Welcome to the jungle.

“How could you live in such a small place for four years?” exclaim friends and family when I tell them I am leaving for St Andrews. Its three streets host a handful of pubs, a tiny Tesco, and our one club, the Union’s 601. Most people see the move here as downsizing, travelling from exciting metropolises to this unique bubble on the edge of the sea. However, moving from the West Highlands was quite a different story.

The peninsula on which I lived hosted one hundred people, and not one was my age. Without shops, phone signal, and easy mainland access, the mountains of my remote home began to feel like less of the warm embrace that I had loved as a child, and instead held a constricting, frustrating sense of being stuck.

So, upon accepting my place here, I felt at home already. I had, half-jokingly, been advised, “choose St Andrews; you won’t get into any trouble in that speck of a place!” In fact, the thought of an actual high-street, of take-outs, a cinema, and real people my age, excited me. I waited impatiently all summer to live somewhere outside my original “bubble” of quiet.

There is nothing better than being surrounded by people. As not a busy city, but not quite a suffocating ghost-town peninsula, St Andrews strikes the perfect balance. You can sit in the quad while people study on the grass, or walk the streets late at night to see giggling groups stumbling home together in semi-defeat.
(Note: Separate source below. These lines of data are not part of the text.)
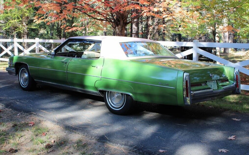 I looked up the 1974 Cadillac color chart. There is a color called Terra Cotta Firemist Metallic, looks like the Furious Fuscia Chrysler put on 400 Challengers in 2010 ONLY. In 1974, I was 18 and pumping gas at a very busy Exxon in my hometown, where I still live. A local woman, Sandy, good looking, came in about 3 times a week for gas as her 74 Cad Coupe deVille ate it like candy. She had a charge account, just signed her name on those old paper credit cards slips and drove away. The car had white leather and a half white vinyl top. I never saw that color ever again on any car. This green one is a beauty, but if you’re gonna drive it, you better own a gas station. They got 10 mpg at best.
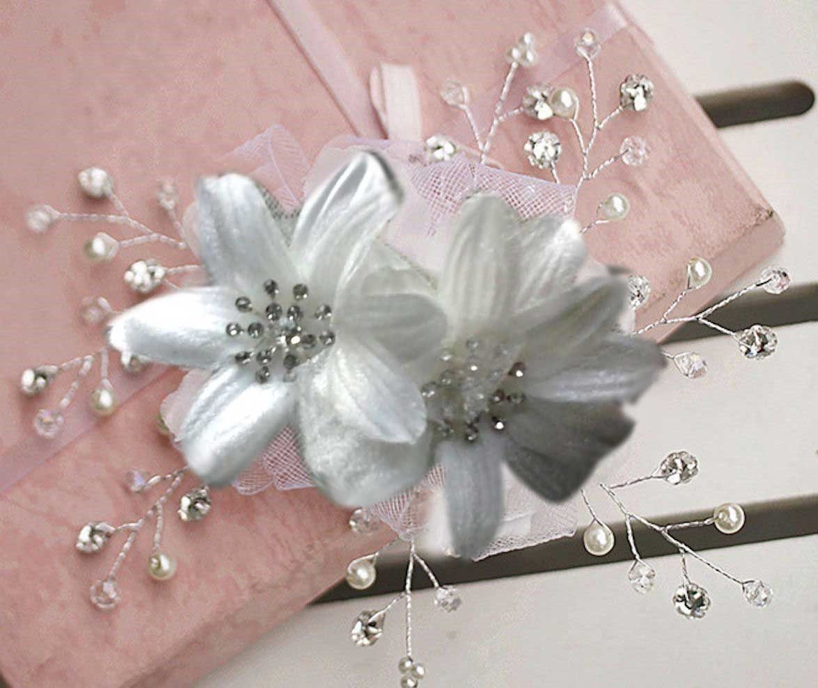 Faux Pearl Petal Flower Beads Rhinestone Crytsal Hair Clip
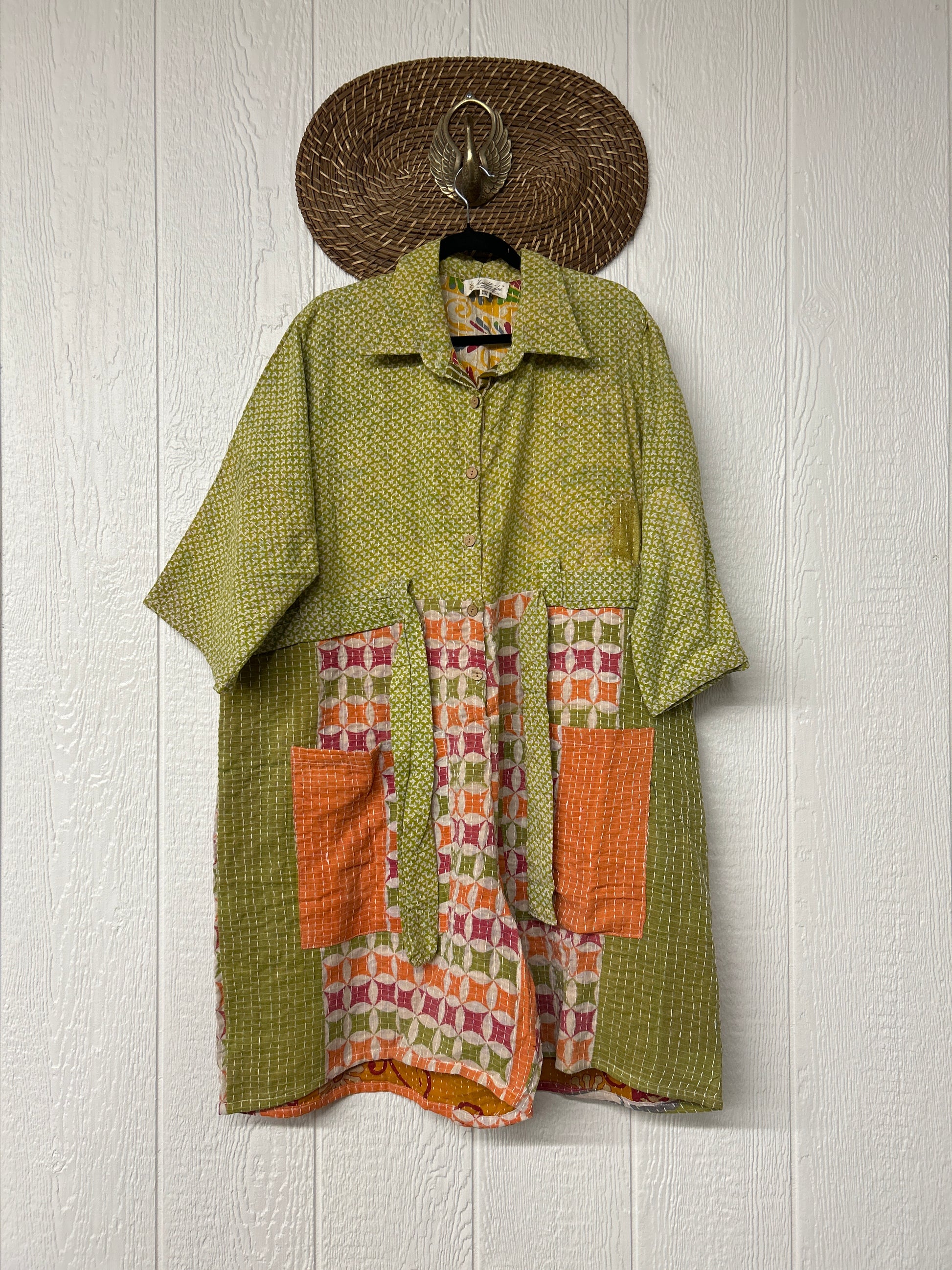 Crafted from our ultra-luxe Kantha stitch vintage cotton sari the Gravity Shortall features a button down front placket, adjustable belt, and cropped "short" length.Size recommended 00-20/22
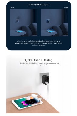 * Hepsi Bir Arada Şarj: Standart priz girişinin yanı sıra dahili 2 adet USB ve 1 adet Type-C portu ile telefon, tablet ve kulaklıklarınızı adaptör gerektirmeden doğrudan şarj edin.

Perhaps the sense of community in Empire after 2 am on a Friday encompasses this feeling, as, dizzy and tired, we cram ourselves on plastic chairs and feast on hot pizzas.

And there are always people around. The gym is never empty, nor is the library, and the buzz of warm coffee shops has become a welcome change from a lack of connection for so long. Where the humble tea-room on the peninsula played host to an array of mud-splattered yellow wellies and boiler suits with steaming cups of builder’s tea, St Andrews feels almost metropolitan. Girls teeter down Market Street in fancy shoes, pretty purses, and headscarves, striding purposefully to and from classes in which they learn about the world beyond this bubble.

At the risk of sounding like a saleswoman: if you want both quiet and fun, and all the wonderful contrast in between, then live in St Andrews. Comparing it to my Highland peninsula and the vibrancy of New York City, where I have also lived, I might venture to say that it somehow manages to draw aspects from both rural, village-by-the-sea, and fun, noisy concrete jungles. Sitting at the beach which stretches for miles gives you space to think, but you can equally always find friends in a friendly gaggle outside the pub. Instead of carefully planning a boat, train, and car trip to find civilisation, you can hop on the train and be whisked away to Edinburgh and big-city life.

But for some reason, it feels like we will always end up back here; drawn by some inexplicable love of cobbled streets, Pablos, and the ocean of Barbour that weaves its way around the town’s ruins and old shops. Here, we have the accessibility of other, great places, and also the sense of safety in ‘coming home’. And it’s this ability to please everyone – whether you want to browse dusty bookshops, or socialise in the Union Bar – that makes St Andrews so welcoming. Filled with history and pockets of culture, there’s not much that this place doesn’t offer its students, wherever they come from.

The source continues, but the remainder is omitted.